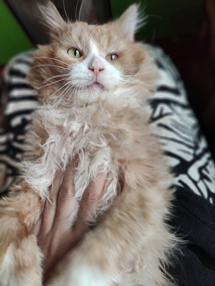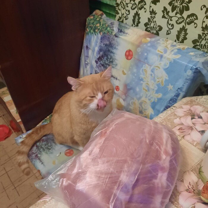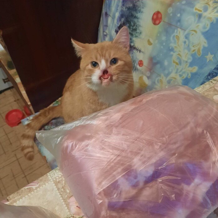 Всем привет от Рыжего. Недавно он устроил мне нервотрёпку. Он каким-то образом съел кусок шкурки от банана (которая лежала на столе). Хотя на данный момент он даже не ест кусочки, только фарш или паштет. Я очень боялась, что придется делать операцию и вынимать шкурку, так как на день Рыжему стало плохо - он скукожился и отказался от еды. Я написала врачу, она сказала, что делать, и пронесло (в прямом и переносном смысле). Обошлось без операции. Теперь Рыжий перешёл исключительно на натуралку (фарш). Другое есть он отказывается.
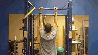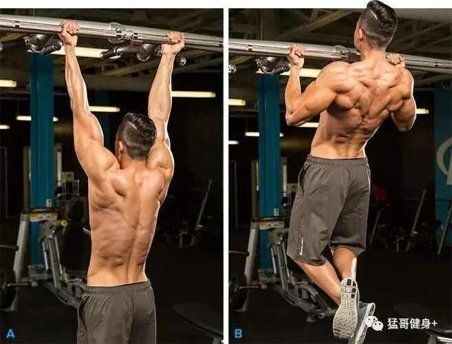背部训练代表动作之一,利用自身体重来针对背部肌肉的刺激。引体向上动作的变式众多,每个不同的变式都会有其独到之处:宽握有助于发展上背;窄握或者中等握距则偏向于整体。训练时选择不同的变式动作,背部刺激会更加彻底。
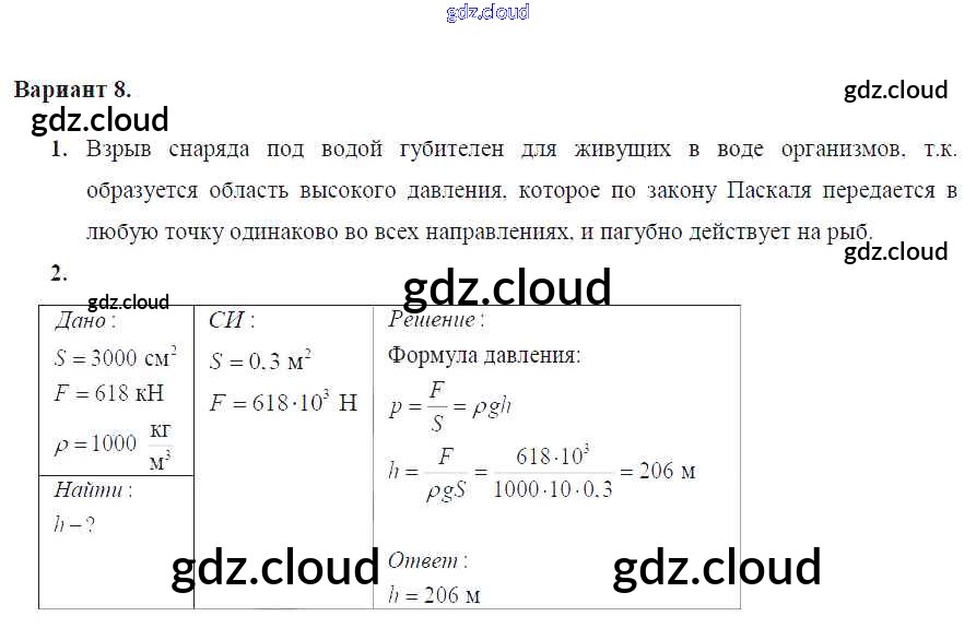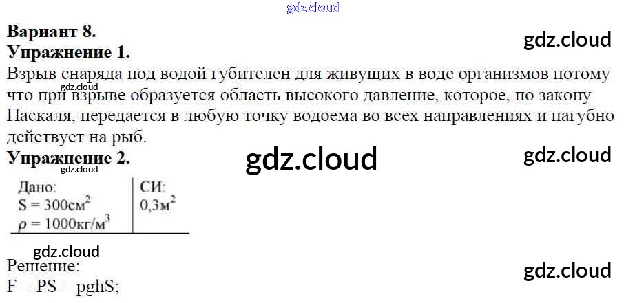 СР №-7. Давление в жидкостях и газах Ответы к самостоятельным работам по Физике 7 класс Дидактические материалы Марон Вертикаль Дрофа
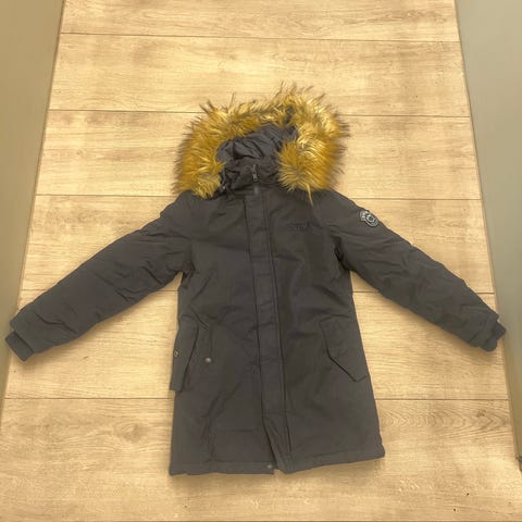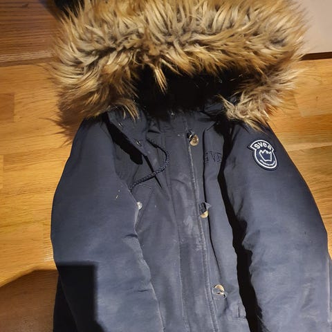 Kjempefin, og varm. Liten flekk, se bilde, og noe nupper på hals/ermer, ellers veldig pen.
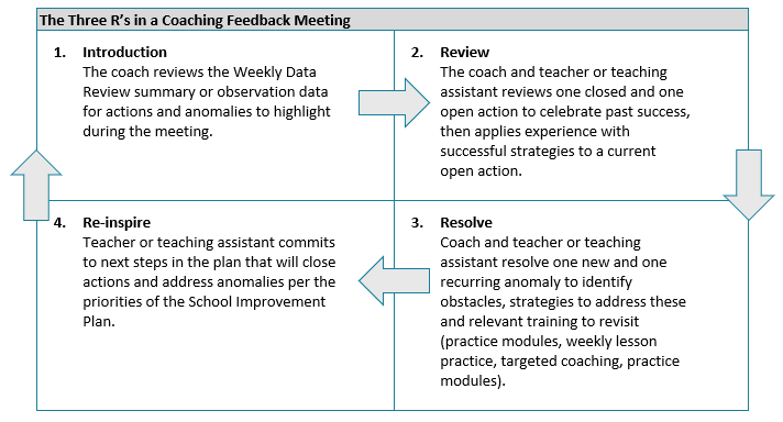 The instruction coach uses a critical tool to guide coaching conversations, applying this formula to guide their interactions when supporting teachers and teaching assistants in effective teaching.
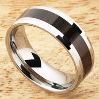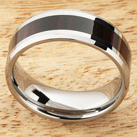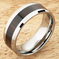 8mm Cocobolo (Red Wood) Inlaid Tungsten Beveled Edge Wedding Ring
++++++++++
[Task description]
Restate each line above exactly, keeping pictures out.

[Task output]
 Всем привет от Рыжего. Недавно он устроил мне нервотрёпку. Он каким-то образом съел кусок шкурки от банана (которая лежала на столе). Хотя на данный момент он даже не ест кусочки, только фарш или паштет. Я очень боялась, что придется делать операцию и вынимать шкурку, так как на день Рыжему стало плохо - он скукожился и отказался от еды. Я написала врачу, она сказала, что делать, и пронесло (в прямом и переносном смысле). Обошлось без операции. Теперь Рыжий перешёл исключительно на натуралку (фарш). Другое есть он отказывается.
背部训练代表动作之一,利用自身体重来针对背部肌肉的刺激。引体向上动作的变式众多,每个不同的变式都会有其独到之处:宽握有助于发展上背;窄握或者中等握距则偏向于整体。训练时选择不同的变式动作,背部刺激会更加彻底。
 СР №-7. Давление в жидкостях и газах Ответы к самостоятельным работам по Физике 7 класс Дидактические материалы Марон Вертикаль Дрофа
 Kjempefin, og varm. Liten flekk, se bilde, og noe nupper på hals/ermer, ellers veldig pen.
 The instruction coach uses a critical tool to guide coaching conversations, applying this formula to guide their interactions when supporting teachers and teaching assistants in effective teaching.
 8mm Cocobolo (Red Wood) Inlaid Tungsten Beveled Edge Wedding Ring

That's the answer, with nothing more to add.